# Schwinn racer



## Big Moe (Jul 25, 2015)

Got a question. What years were the 2 speed racer's made. Looked on eBay and it seems the later one's were 3 speed. Thanks Big Moe


----------



## Metacortex (Jul 25, 2015)

I believe the last year for the 2-speed Racer was 1966: http://waterfordbikes.com/SchwinnCat/flschwinn_1961_1970/1966_1011.html





1967 and up catalogs show coaster or 3-speed only: http://waterfordbikes.com/SchwinnCat/flschwinn_1961_1970/1967_12.html


----------



## Big Moe (Jul 25, 2015)

Thanks meta appreciate it.


----------



## Big Moe (Jul 27, 2015)

Well brother Shane picked it up today for me.
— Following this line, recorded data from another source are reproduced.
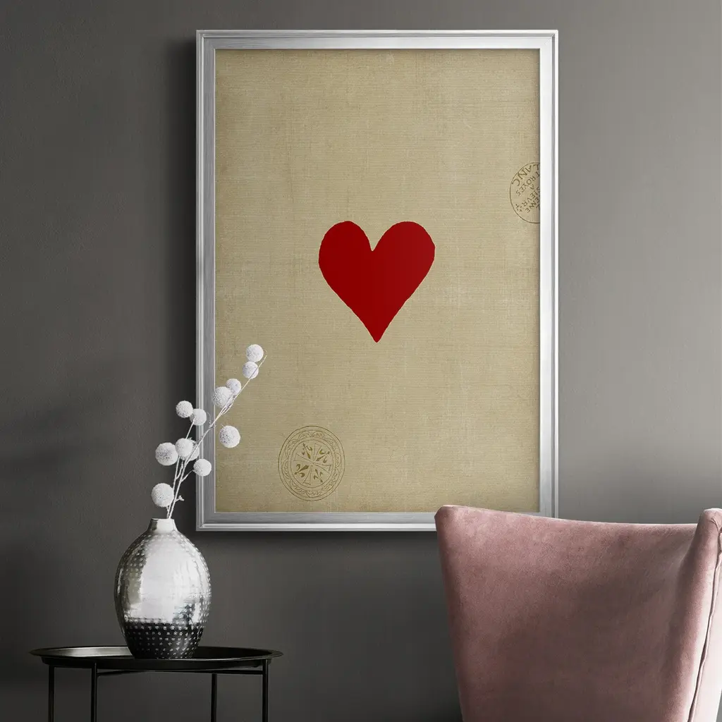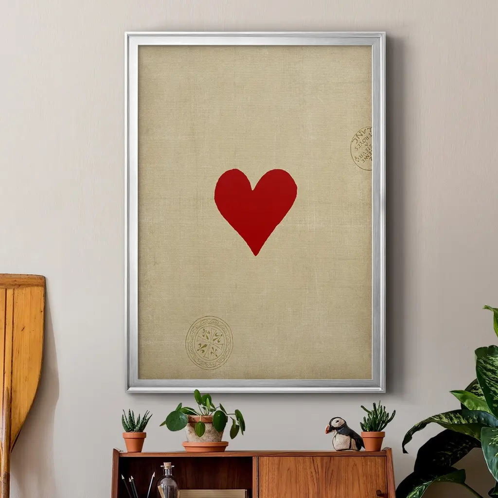 Small Heart Premium Framed Print - Ready to Hang A Premium Framed Print created to last. Framed in distressed wood and available in an array of sizes and colors Featuring a beveled a solid wood stretcher bar, each piece comes ready to hand 4 SIZES AVAILABLE 30.5''X42.5'' - Overall Size 26.5'X36.5'' - Overall Size 22.5''x30.5'' - Overall Size 18.5''x24.5'' - Overall Size Each piece is made to order. Each piece comes with hanging hardware. Made in the USA Ready to Hang
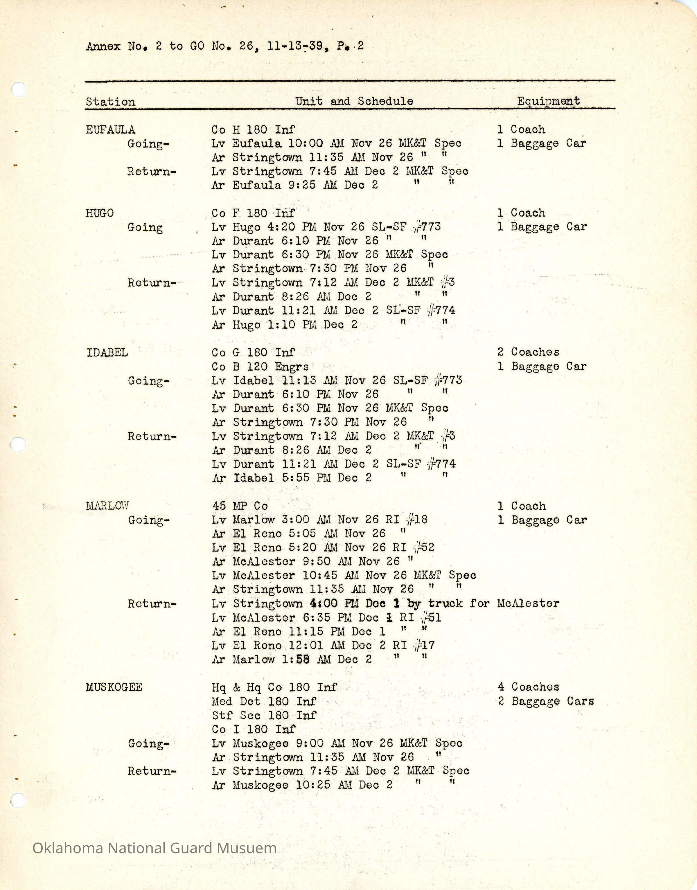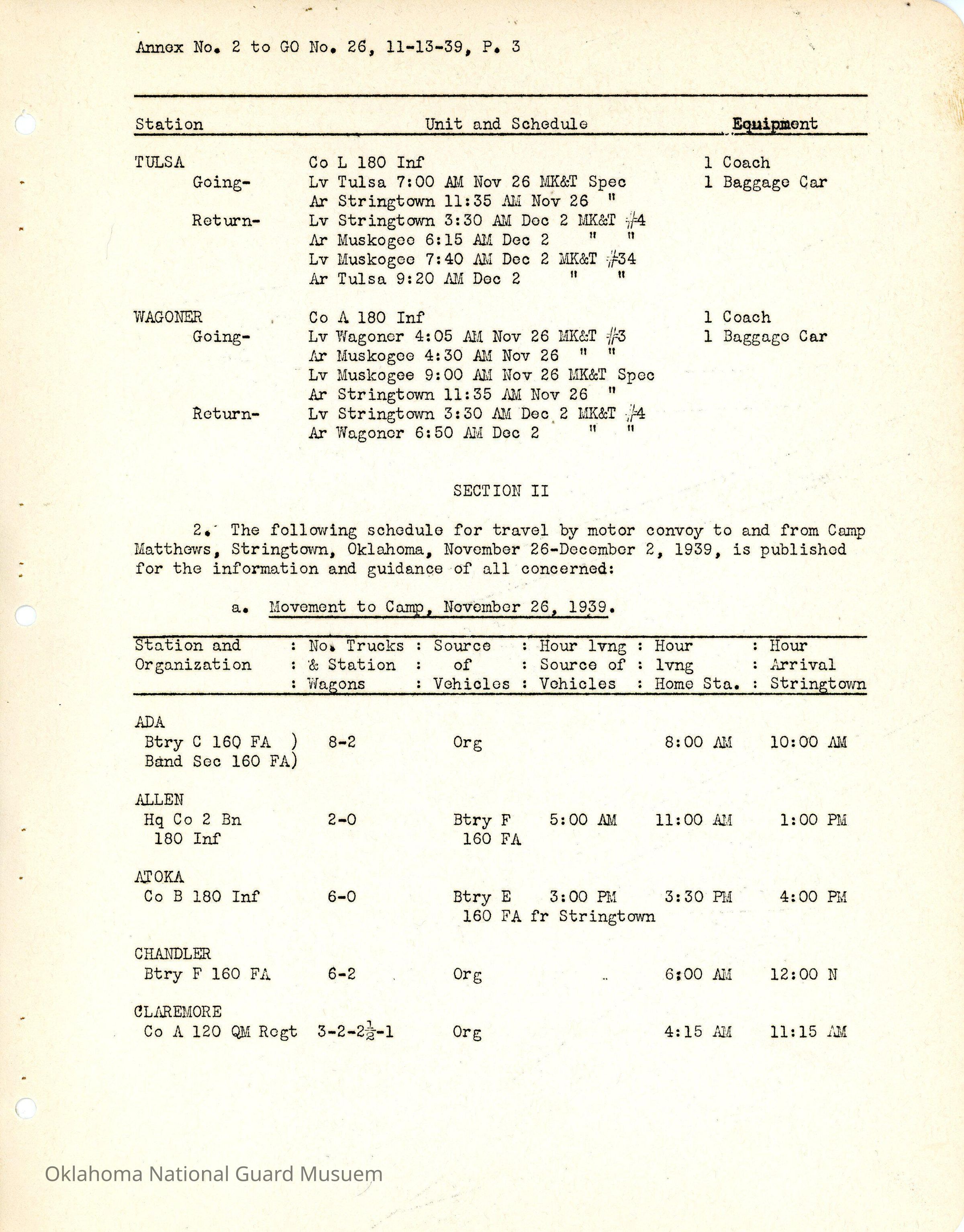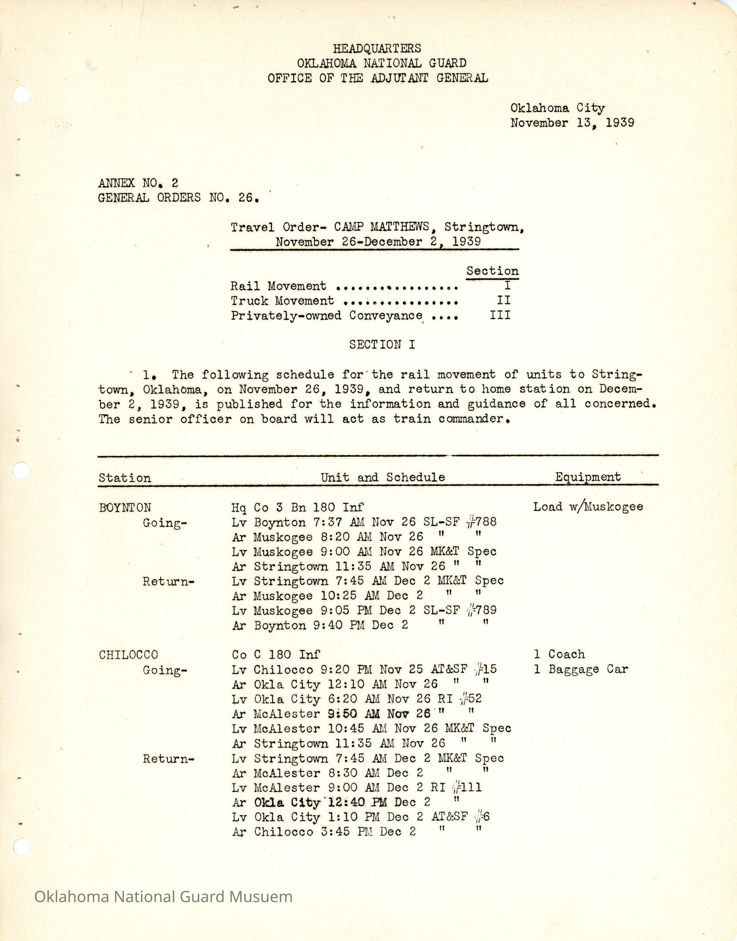 General Order #26 Annex 2 from Headquarters Adjutant General's Office in Oklahoma City. The order details the schedule from home stations to Camp Matthews for additional field training.Date(s) of Creation
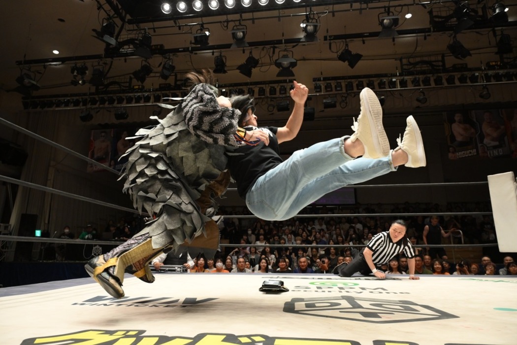 また、第3試合ではSNSで話題沸騰のダンスパフォーマンス集団「O-MENZ」の隈取が出場し、HARASHIMAと組んで、ダムネーションT.AのMJポー&イルシオンと対戦。隈取は得意の空中殺法でイルシオンを追い込んでいくが、レフェリーのブラインドを突いたイルシオンが急所蹴りから首固めで丸め込んで勝利。怒りの隈取はリベンジ戦を要求し、7・16新宿FACEでのシングル戦が決定した。

I just thought it a really clean honest old bike. Ran the #s it's a June 65 deluxe racer with the 2 speed hub.will post better pic's when I get them.


----------



## Bill K (Aug 3, 2015)

Big Moe said:


> Got a question. What years were the 2 speed racer's made. Looked on eBay and it seems the later one's were 3 speed. Thanks Big Moe




I've got a March 1966 Racer in the three speed version.  It looks just like the one you've got.  I'm in the process of restoring it now.


----------